China Jiao Jian 60 1800
The Forum on China-Africa Cooperation has gained a lot, with abundant orders in hand. On September 1 1, 2008, the company issued a voluntary announcement on overseas projects, which showed that during the China-Africa Cooperation Forum, the company seized the opportunity of domestic and foreign affairs, intensively met with leaders of 39 African countries, and signed a number of cooperation agreements and memorandums, involving railways, highways, ports and other fields. * * * The amount is about US$ 65,438+0,065,438+54 million, which is about 65,438+04% of the company's operating income in 2065,438+07, which shows the strength of the company as a leader in the Belt and Road Initiative and the largest international contractor in the world.
In the first half of 20 18, the company achieved an operating income of 208.379 billion, up 9.6 1% year-on-year. The net profit attributable to shareholders of listed companies was 8,654.38+75 million, up 8.45% year-on-year. The main business infrastructure grew steadily, with revenue of 654.38+083.899 billion, up 654.38+06.65% year-on-year, accounting for 88.25% of the total revenue. Gross profit margin 13.87%, up 0.10pct year-on-year; The net interest rate was 4. 14%, up 0.03 percentage points year-on-year.
5. Passing rainbow shares: Gross profit margin continued to increase, and same-store data improved year-on-year.
Stock above Rainbow 0024 19
In the downturn of the industry, the company's same-store data is still improving year-on-year. In recent years, under the influence of factors such as the slowdown of economic growth and the decline of residents' income growth, the retail industry has generally entered a medium-speed growth period. Since the beginning of this year, the growth rate of total retail sales of social consumer goods has continued to decline. In the severe market environment, the company's comparable store revenue and profit growth rate continued to improve compared with the same period last year. In the first half of 20 18, the same-store revenue of the company increased by 2.50% year-on-year, which was 3.87 percentage points higher than that in the first half of 20 17 (-1.37%). Total same-store profit increased by 19. 13% compared with the first half of 20 17 (14.04%), which was 5.09 percentage points higher.
6. Sinochem International: The Group's reform has accelerated and its main business has bottomed out.
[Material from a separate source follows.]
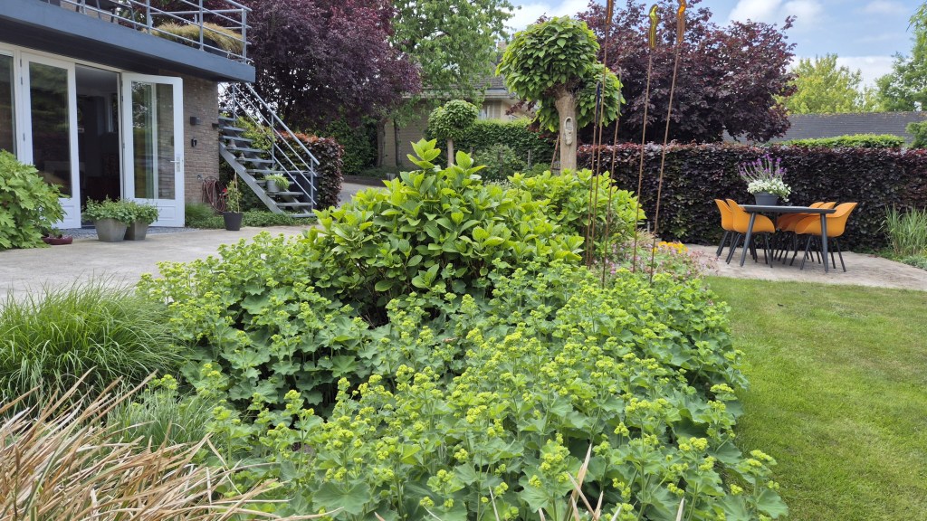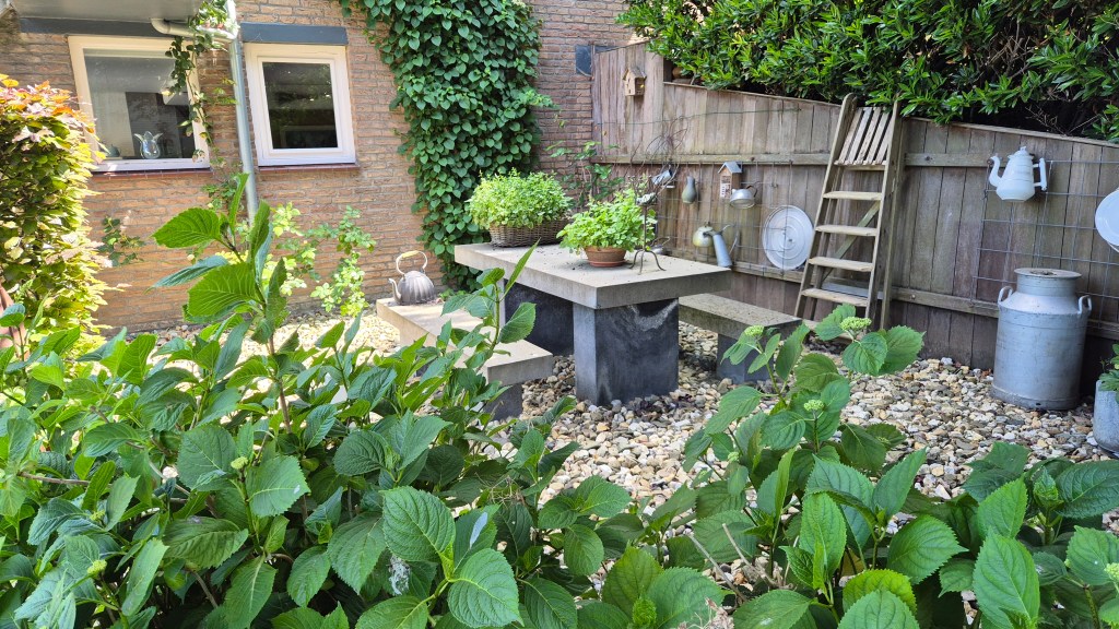 Direct naast het appartement is een terras met picknicktafel en dit terras is afgeschermd door mooie hortensia´s. Bij het appartement is nog een terras in de tuin waar een tuintafel staat met stoelen waar je een spelletje kunt doen of een maaltijd kan nuttigen. Op dit terras wordt je verrast door het zicht op een mooie tuin met bloemen en planten en het gekwetter van de vogeltjes.

Sinochem International 600500
Key investment points: natural rubber has bottomed out twice, and its future performance is very elastic. 20 12 is the year with the highest growth rate of rubber planting, with a year-on-year growth rate of 12.96%. The newly-increased production capacity mainly comes from Thailand, with 20 13 increasing by about 2%. The rubber trees planted in these two years are the main increase in the current supply, and so will the next five years (20 14 to 20 18). It is maintained between1180 ~12.5 million hectares, so it is estimated that the natural rubber production capacity will increase by about 15% at most in the future.